REQUIRED WORK:
Below are the records; print exactly the lines from the one with "قال: جاء به" through the last, both included, and leave the pictures out.

BEGIN SUPPLIED INFORMATION

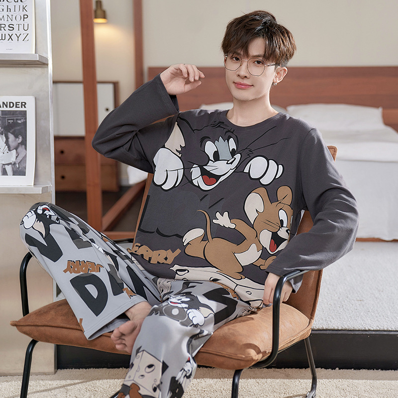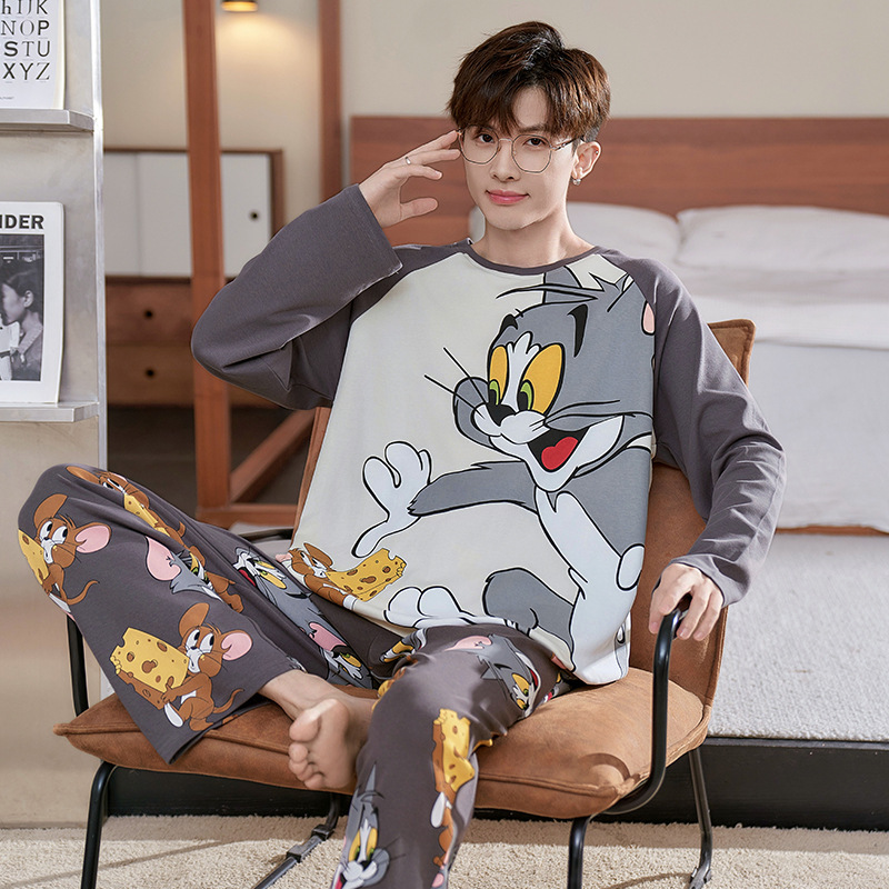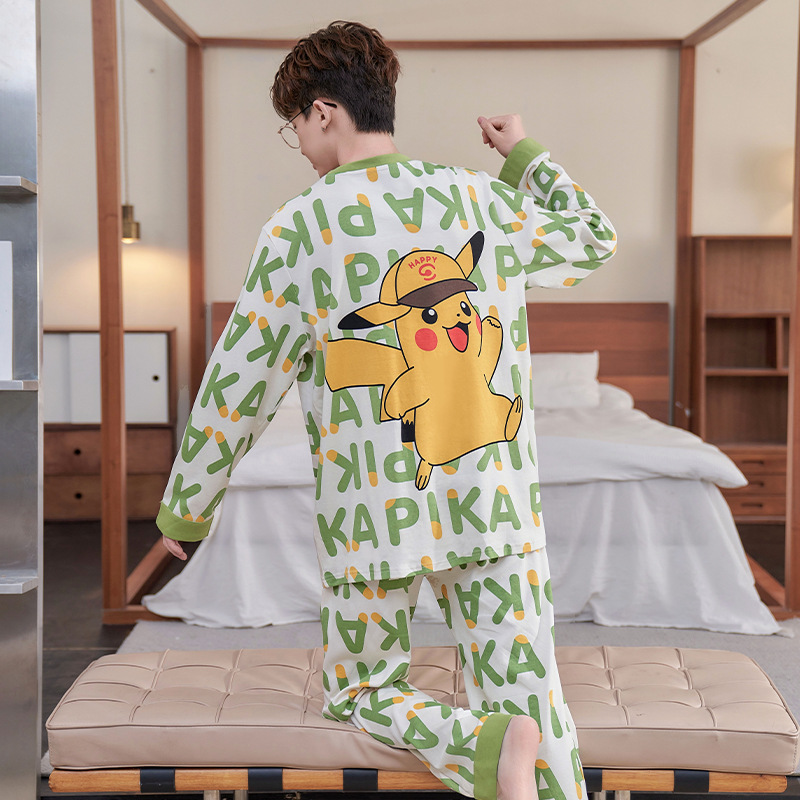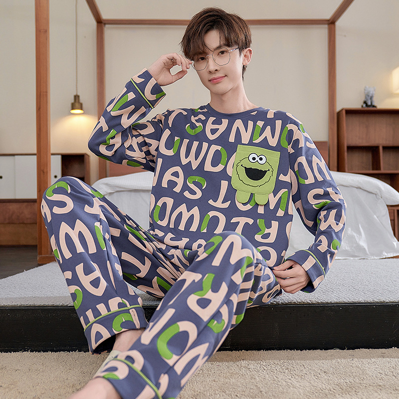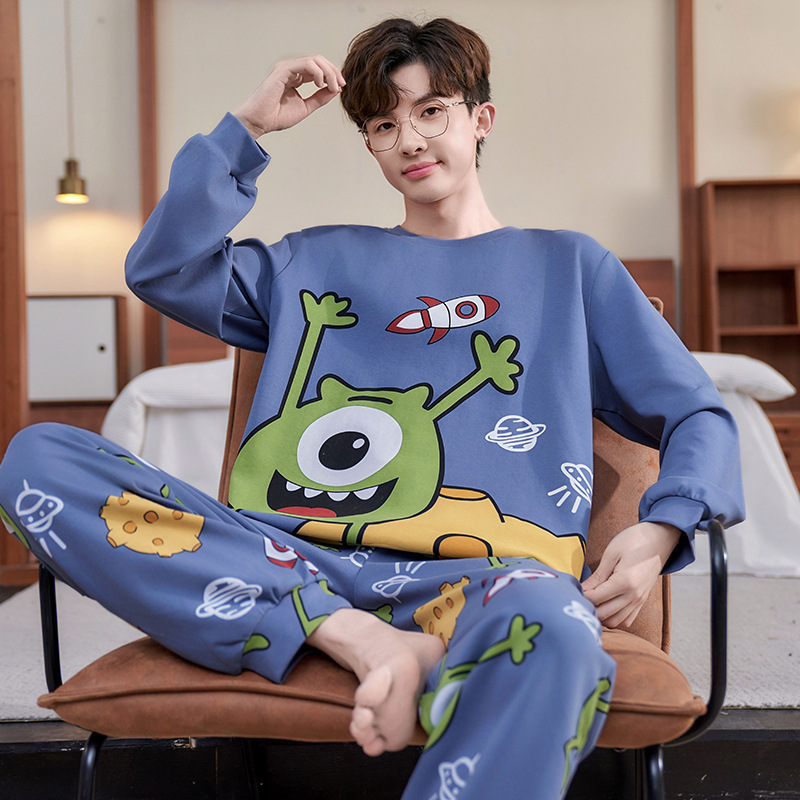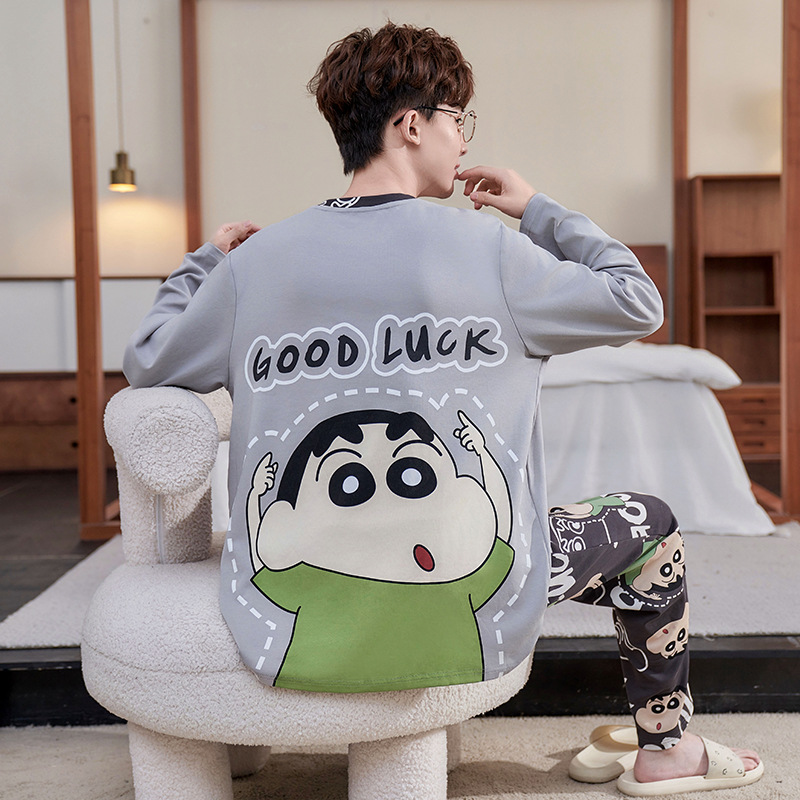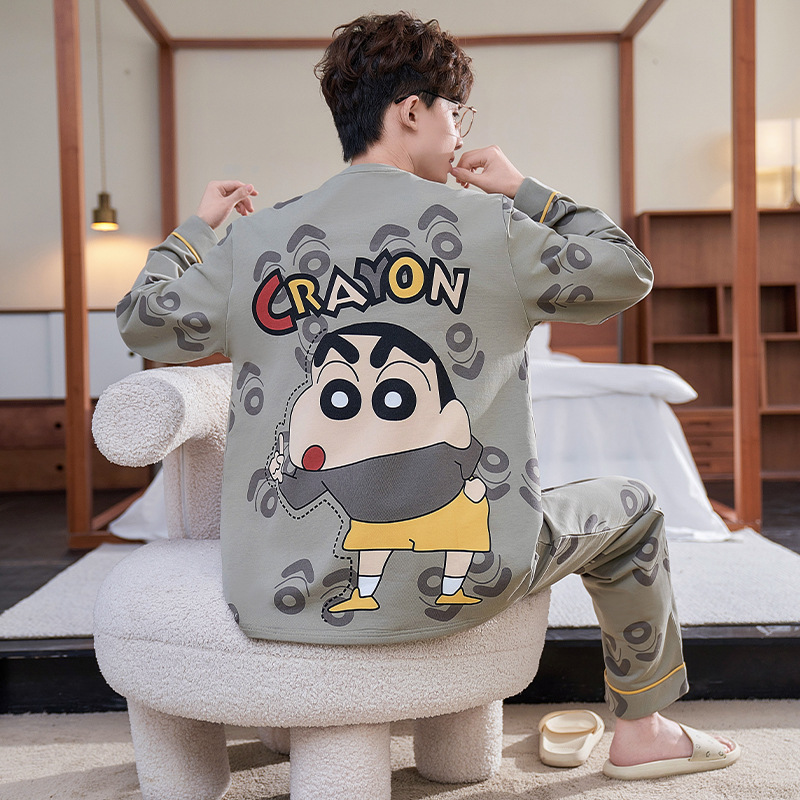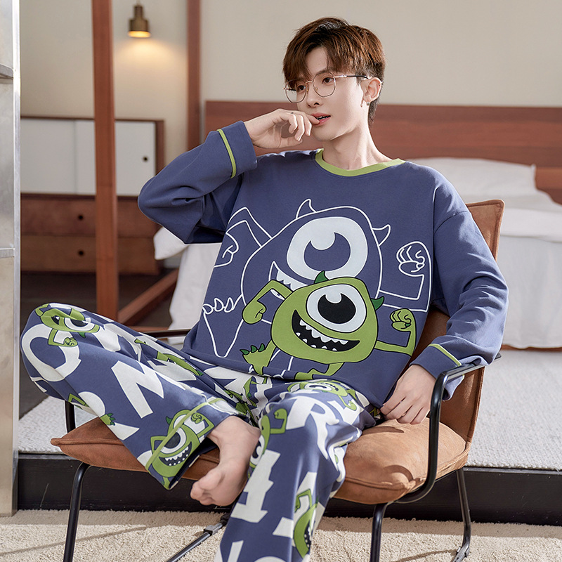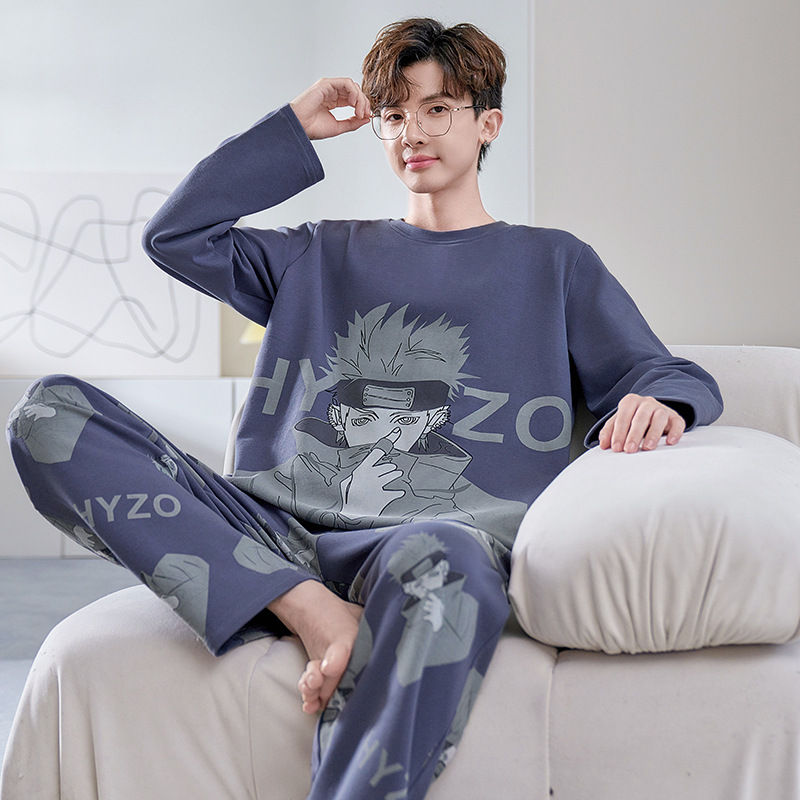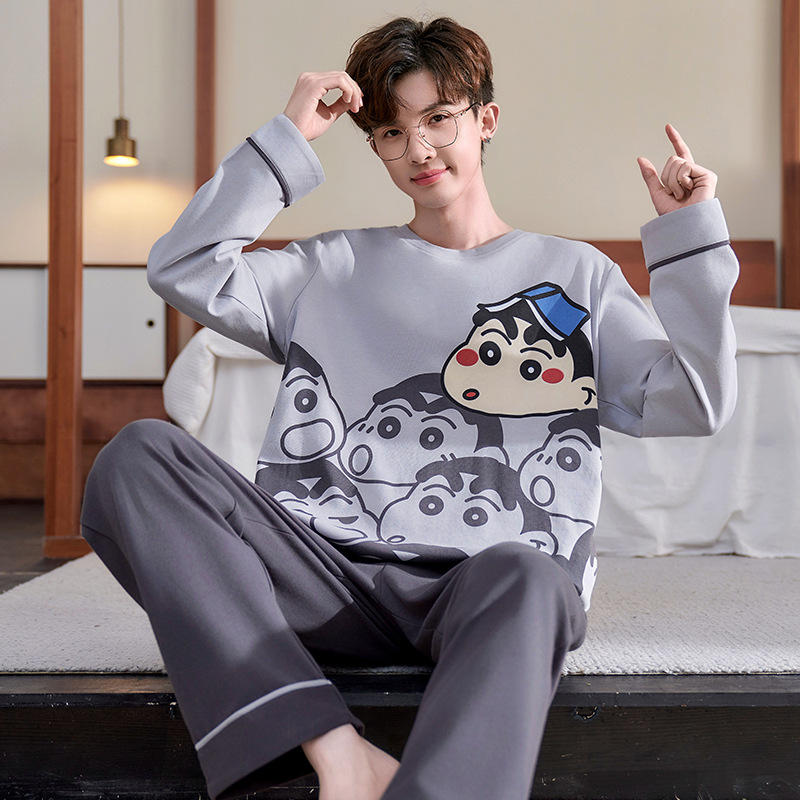 纯棉睡衣男春秋长袖学生青少年卡通柯南男生可外穿棉家居服套装
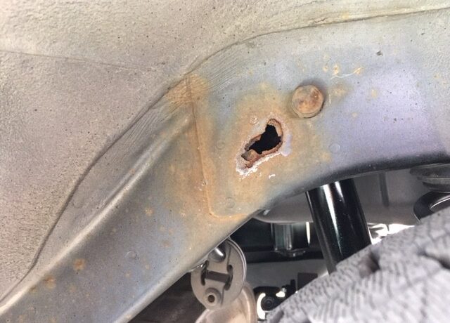 車検整備でご入庫いただいた お得意様の‘‘Mさん‘‘のワゴンR!! 後ろのフレームが錆びて穴あいちゃってますよ(>_<) う?ん。これだと車検パスできませんね?(;一_一) こちらは左の後ですが。。。。 反対側も同じように穴開いてますし泣 ‘‘Mさん‘‘に相談して 修理することにしました!! 今回は、あまりお金のかからない方法で修理できました笑 次の車検までには、お乗り換えをご検討くださいね!! ご利用ありがとうございました(*^_^*)
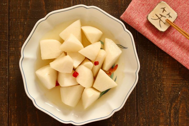 夏大根は辛味があるので、米酢の酸味、本みりんの甘味を加えて調和させます。
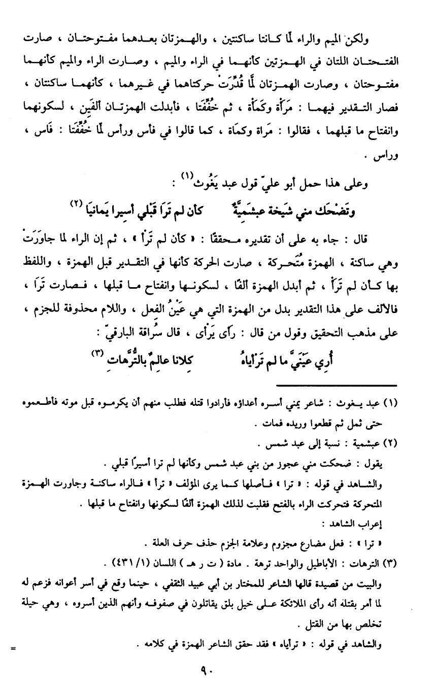 قال: جاء به على أن تقديره محققا: "كأن لم ترأ"، ثم إن الراء لما جاورت وهي ساكنة، الهمزة متحركة، صارت الحركة كأنها في التقدير قبل الهمزة، واللفظ بها كأن لم ترأ، ثم أبدل الهمزة ألفا، لسكونها وانفتاح ما قبلها، فصارت ترا، فالألف على هذا التقدير بدل من الهمزة التي هي عين الفعل، واللام محذوفة للجزم، على مذهب التحقيق وقول من قال: رأى يرأى، قال سراقة البارقي:
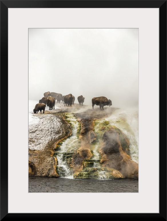 <p>Herd of American bison (Bison bison) on top of a cliff surrounded by steam from the Excelsior Geyser at the Midway Geyser Basin looking over the Firehole River in Yellowstone National Park, Wyoming, United States of America</p>

END SUPPLIED INFORMATION

OUTPUT BELOW:
 قال: جاء به على أن تقديره محققا: "كأن لم ترأ"، ثم إن الراء لما جاورت وهي ساكنة، الهمزة متحركة، صارت الحركة كأنها في التقدير قبل الهمزة، واللفظ بها كأن لم ترأ، ثم أبدل الهمزة ألفا، لسكونها وانفتاح ما قبلها، فصارت ترا، فالألف على هذا التقدير بدل من الهمزة التي هي عين الفعل، واللام محذوفة للجزم، على مذهب التحقيق وقول من قال: رأى يرأى، قال سراقة البارقي:
 <p>Herd of American bison (Bison bison) on top of a cliff surrounded by steam from the Excelsior Geyser at the Midway Geyser Basin looking over the Firehole River in Yellowstone National Park, Wyoming, United States of America</p>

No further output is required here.